Conference buddies: Helping delegates maximise events

Personal development/mindset expert Ross McWilliam, who works with businesses and in education across the UK, looks at how designated support for delegates in the form of ‘conference buddies’ can maximise the benefits of an event.

At many conferences and events, there really isn’t much expectation from delegates except just to show up, listen and maybe do a little networking.

But if the expectation levels are low, what does that say about how much they actually take away and use to benefit both themselves and their organisation?

How many times are delegates passive learners with no accountability to demonstrate this learning or personal progress?

What if this were different, where delegates get their own conference buddies to guide, assess and assist the learning, making this a very bespoke and unique learning experience – like an experienced hand to hold, so personal improvement can be maximised and making them accountable for their learning and progress?

“Many conferences don’t make delegates accountable for their learning”

Educationalist Professor Donald Kirkpatrick said that training has to fulfil four key objectives for it to be truly effective:

1. It must be fun
2. Learning must occur
3. Delegates must implement knowledge
4. Delegates must be able to measure the impact of that knowledge.
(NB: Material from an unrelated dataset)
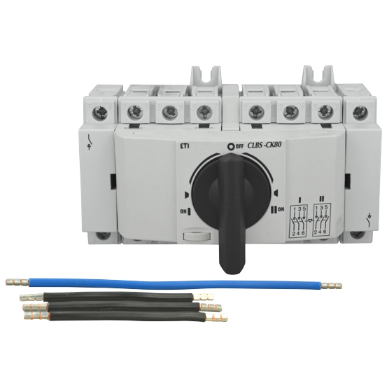 Manueller Umschalter für Reiheneinbau nach IEC 60947-3, zur Umschaltung von Netzbetrieb auf Notstromversorgung (Notstromaggregat, Photovoltaik mit Speicher), inkl. Drahtbrücken 6mm² (3x Schwarz und 1x blau);

However, many conferences these days are very open ended and don’t make delegates accountable for their learning, let alone its implementation and measurement.

Photo by Edwin Andrade on Unsplash

Equally, science tells us that to really learn and be able to recall the learning, the hormone dopamine must be present. This reward hormone is released when we enjoy something or receive a reward and this release process actually makes learning possible on a cellular level in our brain neurones at the synapse of knowledge transfer.

What this really means is that the more we are engaged with the learning, and perceive it as important and necessary, then the more dopamine is released – almost like a self-fulfilling prophecy.

The repercussions for conferences are immense. A dull conference will not fire any dopamine and when this is coupled with no accountability for learning, very little information will be retained, let alone implemented back in the workplace.

“Accountability is upon us and thankfully so”

So perhaps it’s about time that conference buddies or conference geniuses are assigned to individuals or groups.

Their role would be to assist learning, answering any queries and providing guidance on how to implement knowledge back at the workplace.

This would surely make those paying for the conference feel more positive about future benefits to their own companies.

It’s just the same as a teaching assistant in a classroom who supports the teacher’s lessons by reinforcing, consolidating and explaining learning.

So accountability is upon us and thankfully so. Networking at conferences is great – and who knows where it might lead – but being accountable will lead to better work performance.